┌─ Data excerpt

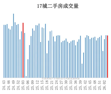 首先看全国 17 个重点城市的二手房网签量(周度数据):
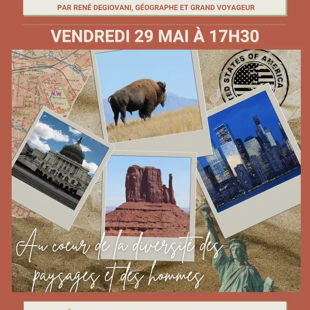 À l’approche de la Coupe du Monde de football organisée cette année en Amérique du Nord, cette conférence vous propose de découvrir autrement les Etats-Unis, ce vaste pays. Le vendredi 29 mai à 17h30, René Degiovani, géographe et grand voyageur, vous emmène pour un périple à la découverte d’un territoire aux mille visages. Des déserts du Sud-Ouest aux glaciers du Nord, des forêts des Appalaches aux grandes plaines, des parcs nationaux superbes aux banlieues démesurées, se dessine une terre de contrastes et de d’immensité. Au fil de cette traversée, c’est aussi la diversité des hommes et des cultures qui se révèle, offrant une lecture sensible de ce pays fascinant et mythique.
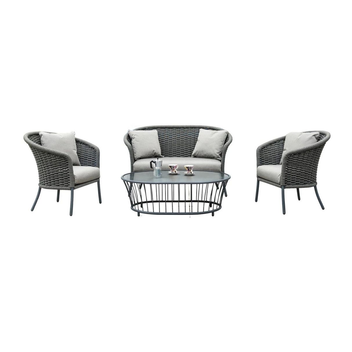 Outdoor Grey Rope 4 Piece Patio Sofa Set with Light Grey Cushions
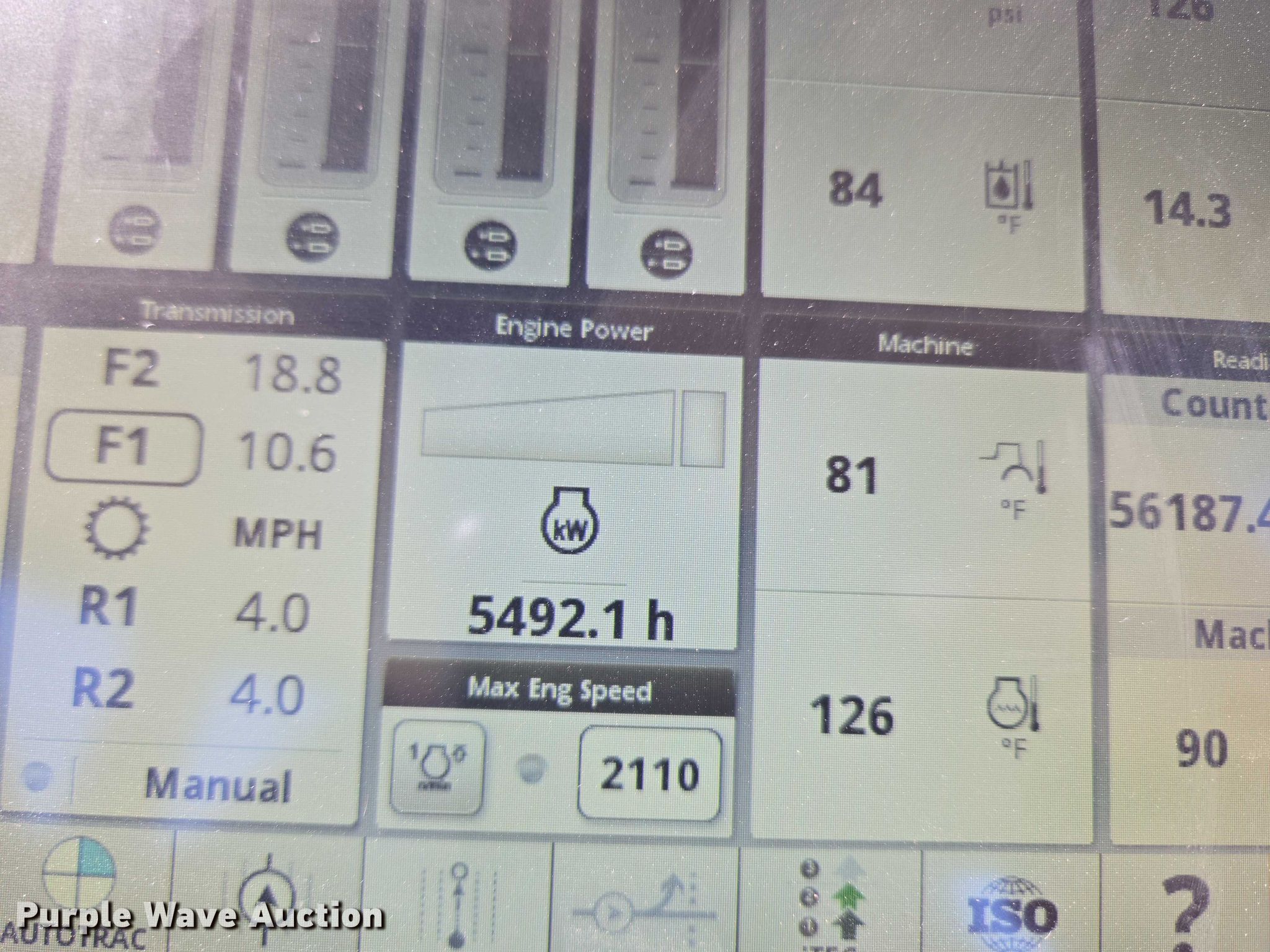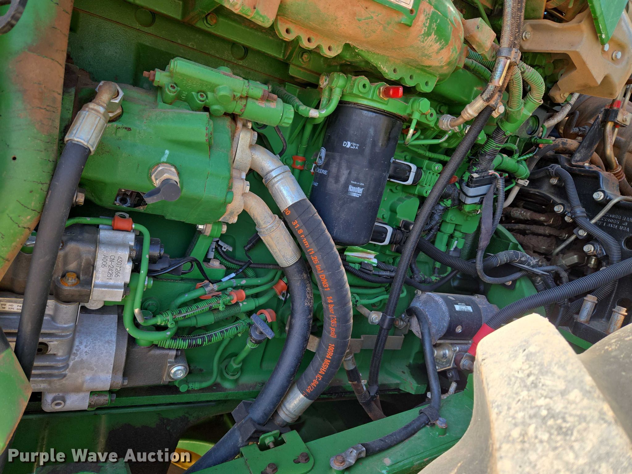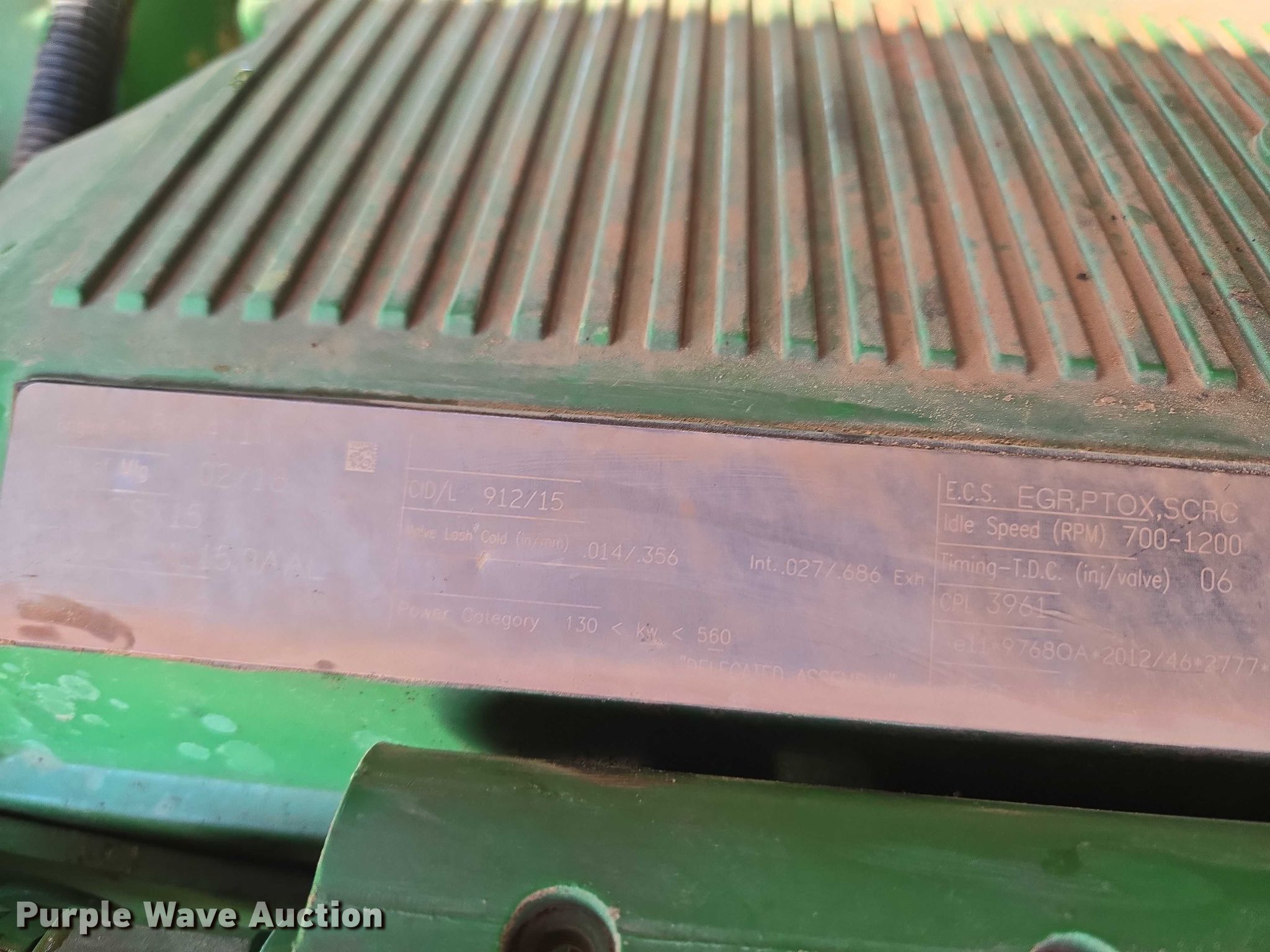 2018 John Deere 9570R Scraper Special 4WD tractor. Hours: 5,492 on meter, Serial: 1RW9570RHJE060427. Engine Cummins QSX15, Serial: 80041107, Displacement: 15.0L, Cylinders: 6, Fuel type: Diesel. Transmission Powershift, 18F - 6R, Differential lock. Operators station AC, Heat, Display John Deere. Features Seven pin outlet, ISOBUS outlet, Hydraulic remote sets, Suitcase weights: 36. Tires Size: 710/70R42, Wheel weights: 8, Duals, Front duals. Notes Glass cracked. Diamond Services Co. Oklahoma City, OK 73127

└─

- _Work to complete_: All of the material should be written out again exactly, apart from the pictures.

- _Reply to the exercise_:
 首先看全国 17 个重点城市的二手房网签量(周度数据):
 À l’approche de la Coupe du Monde de football organisée cette année en Amérique du Nord, cette conférence vous propose de découvrir autrement les Etats-Unis, ce vaste pays. Le vendredi 29 mai à 17h30, René Degiovani, géographe et grand voyageur, vous emmène pour un périple à la découverte d’un territoire aux mille visages. Des déserts du Sud-Ouest aux glaciers du Nord, des forêts des Appalaches aux grandes plaines, des parcs nationaux superbes aux banlieues démesurées, se dessine une terre de contrastes et de d’immensité. Au fil de cette traversée, c’est aussi la diversité des hommes et des cultures qui se révèle, offrant une lecture sensible de ce pays fascinant et mythique.
 Outdoor Grey Rope 4 Piece Patio Sofa Set with Light Grey Cushions
 2018 John Deere 9570R Scraper Special 4WD tractor. Hours: 5,492 on meter, Serial: 1RW9570RHJE060427. Engine Cummins QSX15, Serial: 80041107, Displacement: 15.0L, Cylinders: 6, Fuel type: Diesel. Transmission Powershift, 18F - 6R, Differential lock. Operators station AC, Heat, Display John Deere. Features Seven pin outlet, ISOBUS outlet, Hydraulic remote sets, Suitcase weights: 36. Tires Size: 710/70R42, Wheel weights: 8, Duals, Front duals. Notes Glass cracked. Diamond Services Co. Oklahoma City, OK 73127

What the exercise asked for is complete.